Defines functions add_emoji check_required_terms required_terms build_req_terms_table fn_to_term_table full_workflow_message additional_functions_message suggest_functions_message minreq_terms_message matching_terms_message check_contains_terms check_dataframe dwc_spinny_message suggest_workflow

Documented in suggest_workflow

#' Suggest a workflow to make data comply with Darwin Core Standard
#'
#' @description
#' Checks whether a `data.frame` or `tibble` conforms to Darwin
#' Core Standard and suggests how to standardise a data frame that is not
#' standardised to minimum Darwin Core requirements.

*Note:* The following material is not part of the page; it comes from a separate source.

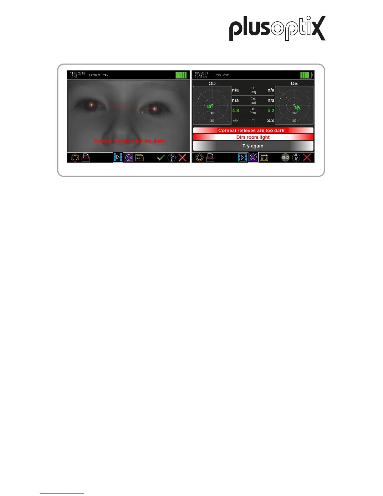 Cause: This error message is displayed if the corneal reflexes are too dark.

This is intended as
#' users' go-to function for figuring out how to get started standardising
#' their data.
#'
#' Output provides a summary to users about which column names
#' match valid Darwin Core terms, the minimum required
#' column names/terms (and which ones are missing), and a suggested workflow to
#' add any missing terms.
#' @param .df A `data.frame`/`tibble` against which checks should be run
#' @returns Invisibly returns the input `data.frame`/`tibble`, but primarily
#' called for the side-effect of running check functions on that input.
#' @examples
#' df <- tibble::tibble(
#'   scientificName = c("Callocephalon fimbriatum", "Eolophus roseicapilla"),
#'   latitude = c(-35.310, "-35.273"), # deliberate error for demonstration purposes
#'   longitude = c(149.125, 149.133),
#'   eventDate = c("14-01-2023", "15-01-2023"),
#'   status = c("present", "present")
#' )
#'
#' # Summarise whether your data conforms to Darwin Core Standard.
#' # See a suggested workflow to amend or add missing information.
#' df |>
#'   suggest_workflow()
#'
#' @order 1
#' @export
suggest_workflow <- function(.df){
  dwc_spinny_message("Checking Darwin Core terms")
  check_dataframe(.df)
  invisible(.df)
}


#' Theatrics
#' @importFrom cli make_spinner
#' @noRd
#' @keywords Internal
dwc_spinny_message <- function(message) {

  # define the spinner
  spinny <- make_spinner(
    which = "dots2",
    template = paste0("{spin}", glue(" {message}"))
  )

  # update the spinner 100 times
  for(i in 1:100) {
    spinny$spin()
    wait(.01)
  }

  # clear the spinner from the status bar
  spinny$finish()
}


#' Checks dataframe and column names
#'
#' @description
#' Checks whether user dataframe contains sf `geometry` and preserves this
#' information, then checks matching user columns to darwin core terms.
#' @noRd
#' @keywords Internal
check_dataframe <- function(.df,
                         level = c("inform", "warn", "abort")){
  level <- match.arg(level)
  is_sf <- inherits(.df, "sf")

  result <- tibble(dwc_terms = colnames(.df)) |>
    check_contains_terms(dwc_terms = dwc_terms,
                         is_sf = is_sf,
                         level = level)
  .df
}


#' Match Darwin Core terms to column names
#'
#' @description
#' This is the main workhorse function of `suggest_workflow()`.
#'
#' @param .df vector of values
#' @param dwc_terms vector of valid Darwin Core terms against which .df should be compared
#' @importFrom cli cli_div
#' @importFrom cli cli_h1
#' @importFrom cli cli_h2
#' @importFrom cli cli_h3
#' @importFrom cli cli_end
#' @importFrom dplyr pull
#' @importFrom dplyr filter
#' @importFrom dplyr distinct
#' @importFrom rlang is_empty
#' @noRd
#' @keywords Internal
check_contains_terms <- function(.df,
                                 dwc_terms,
                                 is_sf,
                                 level = "inform",
                                 call = caller_env()
){
  check_is_dataframe(.df)
  field_name <- colnames(.df)[[1]]
  user_column_names <- .df |>
    pull(field_name) |>
    unique() |>
    sort()
  name_lookup <- user_column_names %in% dwc_terms$term

  ## Matching column names to darwin core terms

  # matches
  matched_values <- user_column_names[name_lookup]
  unmatched_values <- user_column_names[!name_lookup]
  all_cols_match <- is_empty(unmatched_values)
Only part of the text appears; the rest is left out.